# TASK INSTRUCTIONS:
Return the material below exactly, but only from the line with "dem Autohof Fulda-Nord" through the line with "Cartões de visitas", and without its pictures.

# DATASET RECORDS:
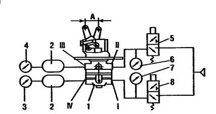 Рис.7 Схема підключення гальмівного крана для випробувань на стенді: І,ІІ,ІІІ,ІV- виводди гальмівного крана; 1-гальмівний кран; 2-повітряний балон; 3,4,6,7- манометри; 5,8- крани.
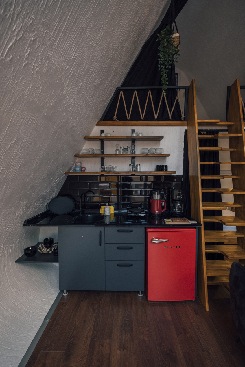 المطبخ مجهز بالأدوات.
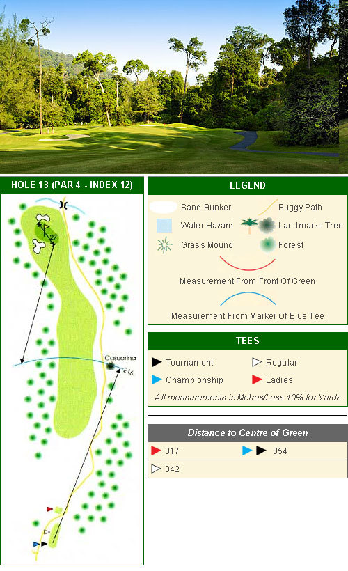 13번홀(파4)이 특히 인상적이다.이 골프장은 파72, 19홀로 독특하게 설계됐다. 마지막 19번홀(파3)은
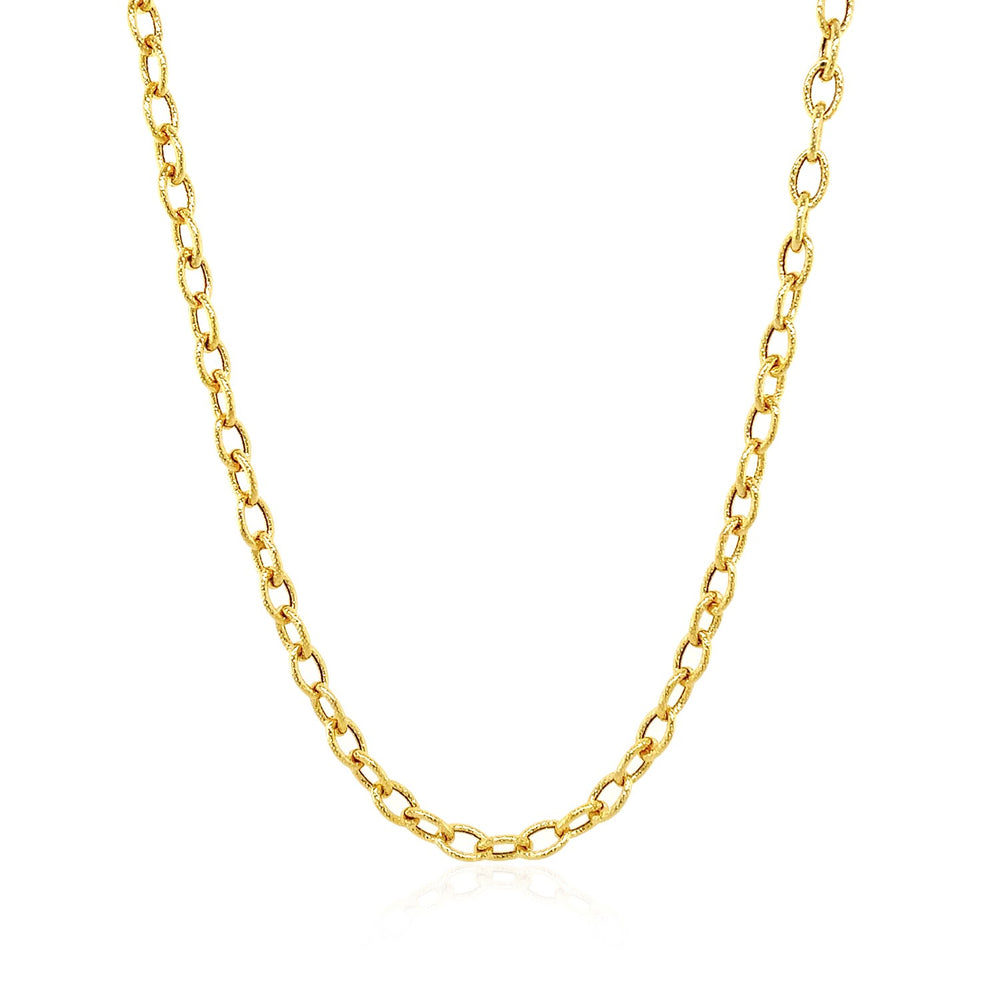 This fancy pendant chain crafted in 14k yellow gold and measures a width of 3.30 millimeters. The chain is fastened securely with a lobster clasp.
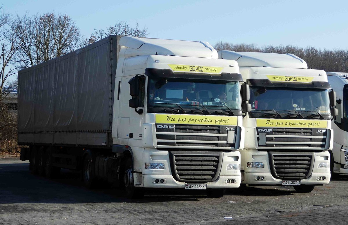 =2 DAF XF aus Bulgarien rasten im Februar 2017 auf dem Autohof Fulda-Nord
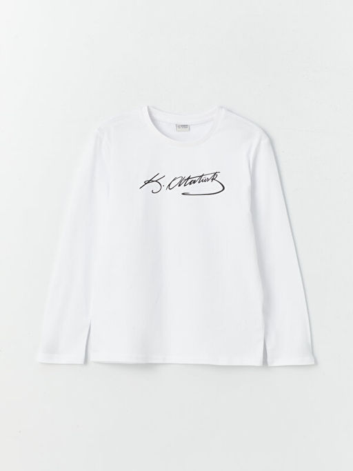 Bisiklet Yaka Atat?rk ?mza Bask?l? Uzun Kollu Erkek ?ocuk Ti??rt
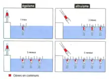 L’altruisme ne se fait pas à n’importe quel prix, cela a été illustré par J. B. S. Haldane qui soulevait la question : Était-il bon de se sacrifier pour sauver son frère ? La réponse est alors non car on peut penser que les individus qui sacrifient une partie de leurs aptitudes au profit des autres ont un désavantage en termes de sélection par rapport à ceux qui ne font pas ce sacrifice. Cependant, il est bon de se sacrifier pour sauver deux frères ou bien huit cousins, le bénéfice pour les gènes étant plus important que de ne rien faire (figure 2).
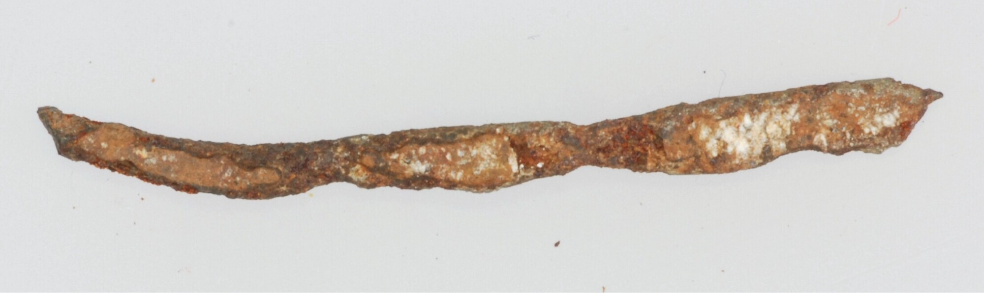 Staafje; fragmentje zilverafval dat verbogen is; datering in Romeinse Tijd onzeker
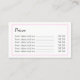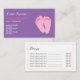 Cartões de visitas para reflexologists. As características de design um pares de pés cor-de-rosa. A parte traseira do cartão tem o espaço para os preços de até seis artigos a ser entrados.
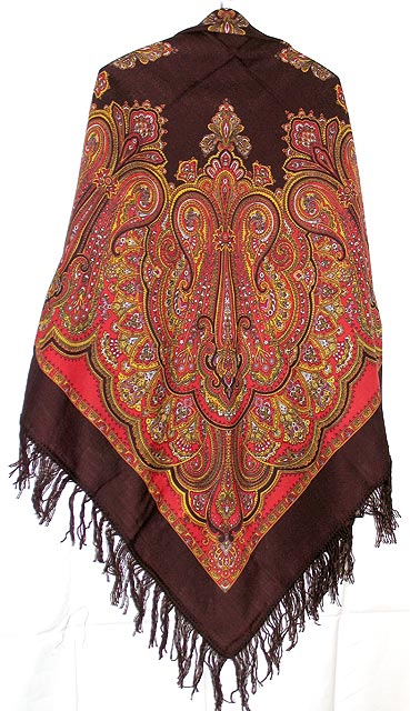 Мне по фото на platki.ru очень нравился черно-красный вариант, но, увидев его наяву, не купила: мне мешал зеленый цвет в узоре. Очень я горевала, любуясь фотографией на сайте: и чего вместо зеленого не черный или хоть темно-бордовый?.. И вот, будучи прошлой весной в Беларуси, я увидела там - в магазине сувениров, среди прочих павлопосадских платков - практически то, о чем мечтала. Кайма, правда, была не черная, а темно-темно-бордовая. Настолько темная, что впечатление было, будто на сайте фото именно этой шали. А вместо зеленого на ней хаки оказался, как у расцветки с темно-красной каймой. Вот такой я сувенир привезла из Беларуси
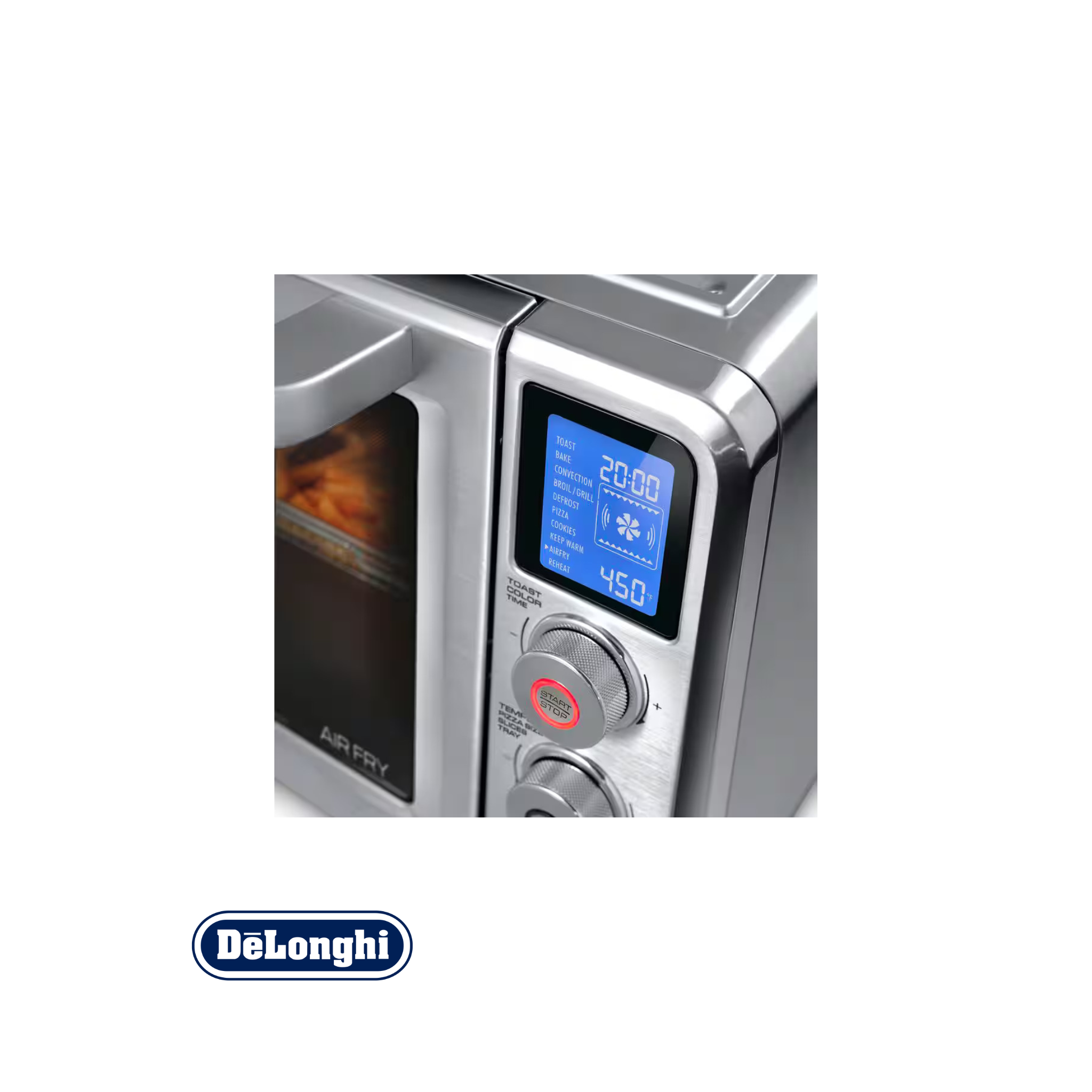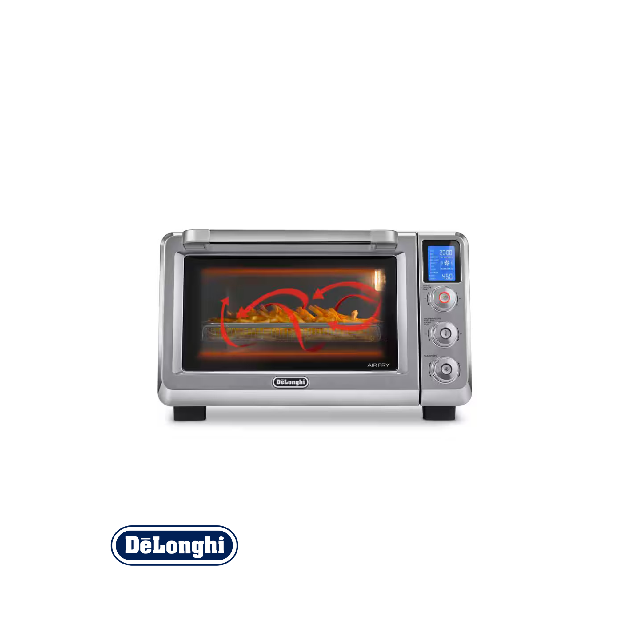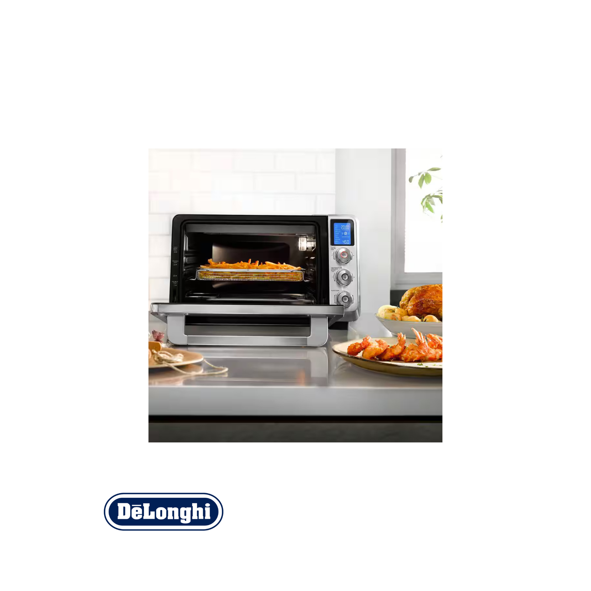 - Diseñado para retener el calor. Cada horno de aire caliente De'Longhi cuenta con un sistema de bloqueo de calor. Una puerta de doble cristal y una junta, al igual que un horno convencional, garantizan que el calor se mantenga en el interior para un funcionamiento más rápido y una mayor eficiencia energética.

# TASK ANSWER:
 =2 DAF XF aus Bulgarien rasten im Februar 2017 auf dem Autohof Fulda-Nord
 Bisiklet Yaka Atat?rk ?mza Bask?l? Uzun Kollu Erkek ?ocuk Ti??rt
 L’altruisme ne se fait pas à n’importe quel prix, cela a été illustré par J. B. S. Haldane qui soulevait la question : Était-il bon de se sacrifier pour sauver son frère ? La réponse est alors non car on peut penser que les individus qui sacrifient une partie de leurs aptitudes au profit des autres ont un désavantage en termes de sélection par rapport à ceux qui ne font pas ce sacrifice. Cependant, il est bon de se sacrifier pour sauver deux frères ou bien huit cousins, le bénéfice pour les gènes étant plus important que de ne rien faire (figure 2).
 Staafje; fragmentje zilverafval dat verbogen is; datering in Romeinse Tijd onzeker
 Cartões de visitas para reflexologists. As características de design um pares de pés cor-de-rosa. A parte traseira do cartão tem o espaço para os preços de até seis artigos a ser entrados.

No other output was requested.